How do you get light to the bottom without frying the plants at the top?


----------



## yours (Nov 11, 2007)

I just switched over to TODD(light your reptiles) LED lights, for the tall verts like these....the LED SPOTLIGHTS...and for anyone that doesn't know, the heat output is a lot LESS than anything else out there...the LIGHT is far superior as well. One 24watt spotlight is perfect for one of these three foot tall vertical tanks; all my other tanks are being switched over to his brand spankin' new LED BARS(which will come in the mail this Saturday) so I'm pretty stoked about that and will write up a review then!

No comparison and clearly THE choice for the present and future....LED baby. I'd DEFINITELY consider the LED SPOTLIGHTS for such tanks tnorwood0811, you can get in touch with Todd on his website(lightyourreptiles.com), email([email protected]), or by phone(207-846-5224).


----------



## tnorwood0811 (Sep 7, 2011)

Yeah my ordeal is I need to figure out how to make the screen and find a place to get those plastic or rubber hinges that connect the glass


----------



## tnorwood0811 (Sep 7, 2011)

Yeah I'm switching over to LED too! Big heat reduction and electricity bill reduction as well I'm going to check that place out now thanks :-D


----------



## yours (Nov 11, 2007)

I gave you three sponsors that have the parts for the vertical kits(screen included), check out those sites!

Good thinking on LED! Todd is a great guy, you will NOT be disappointed with his enthusiasm and more importantly his product!!


----------



## mydumname (Dec 24, 2004)

55's are really thin. Sure it's worth it on that tank? A 40 or 50 breeder gives you a lot more options with the width being more plant friendly.

Opinion, but something I would at least consider.


----------



## mydumname (Dec 24, 2004)

tnorwood0811 said:


> Yeah my ordeal is I need to figure out how to make the screen and find a place to get those plastic or rubber hinges that connect the glass


Aquarium Hoods & Canopies: All-Glass Versa-Top Replacement Pieces

Check out the 6 foot hinge there. You just cut it down. Any other brand hinge I have used always ends up breaking apart in the middle. I will not attempt any other brand besides this one.
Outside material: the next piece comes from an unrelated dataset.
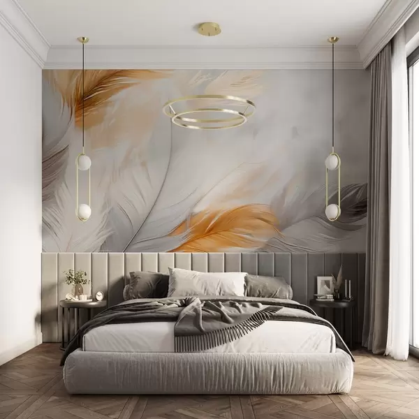 Fotomurales Plumas grises y amarillas sobre fondo gris Nr. w08937
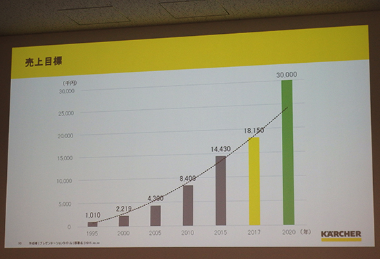 ケルヒャーは1988年に日本に進出し、社会貢献活動の一環として2000年の広島平和記念公園のモニュメント洗浄や10年の日本橋クリーニングプロジェクトなどで注目され、業務用や家庭用の高圧洗浄機メーカーとしてのブランドを高めた。ホームセンターやテレビショッピング、インターネット通販で販売するほか、最近では家電量販店でも売り場を確保し、週末は店頭イベントを実施するなど、消費者へのブランド認知活動も熱心だ。

To make your screen you need the following:

Screen replacement corners
Screen replacement frame
Spline (spline roller if you don't have one)
Window screen (I would use no see-um mesh to prevent fly escapes)

In addition, I would get those nylon turn knobs as well (I can't find them at my HD, only at Lowes). I do not use the screws, I get a nut and bolt kit, I believe 8 guage and use that instead. A non-pointed bolt/screw actually.

All those items can be found at Lowes except the no see-um. The one item I can't find at HD (see above). All the vert kits I have seen sold have something different about them. Keep this in mind because if you buy one from this guy, another from that, and then make your own, they won't be identical. So if consistency and uniformity mean anything to you, may consider making your own. If you need something explained more, just ask.


----------



## crittercurt (Jul 8, 2009)

Hello, I am currently working on a 190 gallon vert. I am not sure how it is going to work out yet. I am planning on putting glass up about a foot and a half on the bottom, and about a foot of glass on the top. I have not figured out exactly how but I want one door on each side to open outward like an exo terra. 
So far I have only gs'ed the background and coco fiber on half the background.
It will be 5 feet tall, two feet wide, and 3 feet to the back of the tank.


----------



## tachikoma (Apr 16, 2009)

I did a 150 vert, I finished the actual construction but never planted it as I was moving soon after completion. Movers broke it during delivery to my new apt so it's gone now, but the thread might give you some ideas. 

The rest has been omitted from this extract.